Darova ( or Darowa; ) is a commune in Timiș County, Romania. It is composed of three villages: Darova (commune seat), Hodoș and Sacoșu Mare. Ștefănești existed as a separate hamlet from 1885 to 1930, when it was merged into Darova, with Darova Nouă similarly absorbed in 1956.

History 
Darova was founded in 1786 by 57 families of German settlers from Silesia and Württemberg. It happened during the third wave of colonizations in Banat, under the reign of Emperor Joseph II. The name was given in honor of the government commissioner of Temes County, Count Johann Jankovits von Daruwar. Only two years after its founding, in the autumn of 1788, Darova was invaded by the Turks. Most of the younger settlers fled Darova and only a few returned after the Turks were driven out. In 1791, some of the German inhabitants of the village of Tormac settled in Darova. 

In 1885, on the northern edge of the village hearth, a new settlement was established, Istvánfalva (Ștefănești) or Darova Mică, where 72 families from Novo Selo, Torontál County, Serbian Banat were colonized. Historian Remus Crețan claims that this locality was Romanian. Many of these colonists left and were replaced by people from different localities in the area. Until 1930 Darova Mică was independent, after which it was incorporated into present-day Darova, being a neighborhood of it. 

Population movements continued in the years that followed. In 1892, Lutheran Slovaks from Békéscsaba and Nyitra were brought to David Kuhner's estate. On this occasion, a new short-lived hamlet was set up, called Imrefalva.

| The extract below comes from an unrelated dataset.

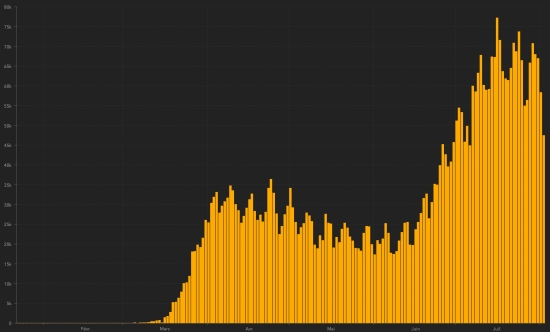 SITUATION MONDIALE : Lundi 3 août 2020, le nombre de personnes contaminées dans le monde par le coronavirus Covid-19 depuis le début de la pandémie (Source officielle), s’élève à 18,093,891 cas confirmés (+234,128 en 24h), la veille (+237,285). Nombre de pays contaminés 188 (inchangé) Bulletin de la veille : https://www.haitilibre.com/article-31440-haiti-covid-19-bulletin-quotidien-2-aout-2020.html Depuis le début de la pandémie 10,700,077 personnes (+135,814 en 24h) ont été guéries du Covid-19 dans le monde, la veille (+205,111). Depuis le début de la pandémie 689,625 personnes (+4,446 en 24h) sont mortes du Covid-19 dans le monde, la veille (+5,014). Le nombre de cas actifs dans le monde (excluant les décès et les guérisons) est actuellement de 6,704,189 cas (+93,868 en 24h), la veille (+27,160) Taux moyen de guérison au monde : 59.14% (-) Taux moyen de mortalité au monde : 3.81% (+) TOP 5 des pays ayant le plus de cas actifs : 1er - USA : 3,044,408 cas (+40,240 en 24h), la veille (+32,386) 2e - Inde : 579,357 cas (+11,627 en 24h), la veille (+1,627) avance d’une place 3e - Brésil : 576,697 cas (+365 en 24h) la veille (+15,176) 4e - Royaume-Unis : 258,589 cas (+736 en 24h), la veille (+697) 5e - Russie : 188,084 cas (+1,872 en 24h), la veille (+1,672) TOP 5 des pays ayant le plus de décès : 1er - USA : 154,860 décès (+411 en 24h), la veille (+1,129) 2e - Brésil : 94,104 décès (+541 en 24h), la veille (+1,088) 3e - Mexico : 47,746 décès (+274 en 24h), la veille (+784) 4e - Royaume-Unis 46,286 décès (+8 en 24h), la veille (+74) 5e - Inde : 38,135 (+771 en 24h), la veille (+853) DIASPORA : États-Unis : Cas depuis le début de l’épidémie : 4,667,957 cas (+47,455 en 24h), la veille (+57,240) Guérisons : 1,468,689 personnes (+6,804 en 24h), la veille (+24,005) Taux national de Guérison : 31.46% (-) Décès : 154,860 décès (+411 en 24h), la veille (+1,129) Cas actifs (moins décès et guérisons) : 3,044,408 cas (+40,240 en 24h), la veille (+32,386) Canada : Cas depuis le début de l’épidémie : 118,768 cas (+245 en 24h ), la veille (+242) Guérisons : 103,201 personnes (+129 en 24h), la veille (+166) Taux national de Guérison : 86.89% (-) Décès : 8,990 décès (+4 en 24h), la veille (+6) Taux national de mortalité : 7.57% (-) Cas actifs : (excluant décès et guérisons) 6,577 cas (+112 en 24h), la veille (+70) France : NOTE : Santé Publique France n’a pas publiée de mise à jour de la situation. Les données ci-dessous sont donc les mêmes que celles de notre bulletin de la veille. Cas confirmés depuis le premier cas : 225,197 (+1,351), précédent (+1,377) Guérisons : 81,870 personnes (+214) , précédent (+167) Taux national de Guérison : 36.35% (-) Décès : 30,245 décès (+11), précédent (+16) Cas actifs : (excluant décès et guérisons) 113,082 (+1,127), précédent (+1,194) Amérique latine et Caraïbe cas actifs : Brésil : 576,697 cas (+365 en 24h) la veille (+15,176) Colombie : 139,762 cas (+4,619 en 24h), la veille (+4,127) Pérou : 115,049 cas (17,413 en 24h) en 24h), la veille (-6,920) Argentine : 109,245 cas (+2,797 en 24h) Mexico : 48,772 cas (-3,082 en 24h), la veille (+ 1,020) République Dominicaine : 32,8321 cas (+85 en 24h), la veille (+717) Panama : 24,944 (+91 en 24h), la veille (+184) Chili : 17,712 cas (+94 en 24h), la veille (-265) Guyane française : 6,742 cas (mise à jour non disponible), la veille (+58) Haïti : 2,705 cas (+8 en 24h), précédent (+40) Bahamas : 543 cas (+49), la veille (+25) Martinique : 159 cas (mise à jour non disponible) Cuba : 190 cas (+11 en 24h), la veille (+13) Guadeloupe : 167 cas (mise à jour non disponible) Jamaïque : 139 cas (+9), la veille (-12) HAÏTI : Situation épidémiologique : Selon le Ministère de la Santé Publique, 8 nouveaux cas de Covid-19 auraient été confirmés en Haïti en 24h la veille (+44), pour un total de 7,476 cas sur l’ensemble du territoire national (41.3% de femmes et 58.7% d’hommes) depuis le premier cas (19 mars 2020 https://www.haitilibre.com/article-30319-haiti-sante-origine-des-2-premiers-cas-de-covid-19-en-haiti.html ). Décès : (inchangé en 24h), total national 165. Guérisons : : 4,606 personnes (inchangé en 48h), précédent (+139 en 72h) Taux de guérison : 61.61% (-) Cas actifs : (moins décès et guérisons) 2,705 cas (+8 en 24h), précédent (+40) Cas importés : 152 cas depuis la réouverture des aéroports et +43 depuis le dernier bilan datant du 9 juillet (109) https://www.haitilibre.com/article-31348-haiti-flash-152-cas-importes-depuis-la-reouverture-des-aeroports.html (actualisation non disponible) Cas suspects investigués depuis le 19 mars : 18,668 cas (+128 en 24h), précédent (+100) Cas testés depuis le début de la pandémie : 17,961 (+122 en date du 31juillet) Personnes hospitalisées actuellement : (information non disponible) Personnes en soins intensifs actuellement : (information non disponible) Personnes en quarantaine à domicile actuellement : (information non disponible) Cas confirmés par département : Ouest : 5,296 cas (+3), la veille : (+17) Artibonite : 433 cas (+3), la veille : (+8) Centre : 370 cas (+1), la veille : (+1) Nord : 345 cas (inchangé), la veille : (+4) Sud-Est : 213 cas (inchangé), la veille : (+2) Sud : 206 cas (inchangé), la veille : (+1) Nord-Est : 175 cas (+1), la veille : (+9) Nord-Ouest : 167 cas (inchangé), la veille : (+2) Grand’Anse : 150 cas (Inchangé) Nippes : 121 cas (Inchangé) Localisation des cas : Ouest : 5,296 cas (+3) Delmas : 1,290 cas (inchangé), la veille : (+5) Port-au-Prince : 1,087 cas (inchangé), la veille : (+2) Pétion-ville : 784 cas (inchangé), la veille : (+1) Tabarre : 650 cas (inchangé), la veille : (+3) Croix-des-Bouquets : 503 cas (inchangé), la veille : (+2) Carrefour : 403 cas (inchangé), la veille : (+1) Petit-Goâve : 140 cas (inchangé), la veille : (+2) Cité Soleil : 90 cas (inchangé) Cabaret : 72 cas (inchangé) Léogâne : 64

In 1906 the hamlet was abolished and the Slovaks were assimilated to the Germans. In 1954 there was another hamlet, this time Romanian, called Darova Nouă. It was however absorbed by Darova.

Demographics 

Darova had a population of 3,049 inhabitants at the 2011 census, down 5% from the 2002 census. Most inhabitants are Romanians (84.42%), with a minority of Ukrainians (10.79%). For 3.74% of the population, ethnicity is unknown. By religion, most inhabitants are Orthodox (73.07%), but there are also minorities of Pentecostals (11.54%), Baptists (3.9%), Greek Catholics (2.23%), Adventists (1.54%) and Roman Catholics (1.28%). For 3.97% of the population, religious affiliation is unknown.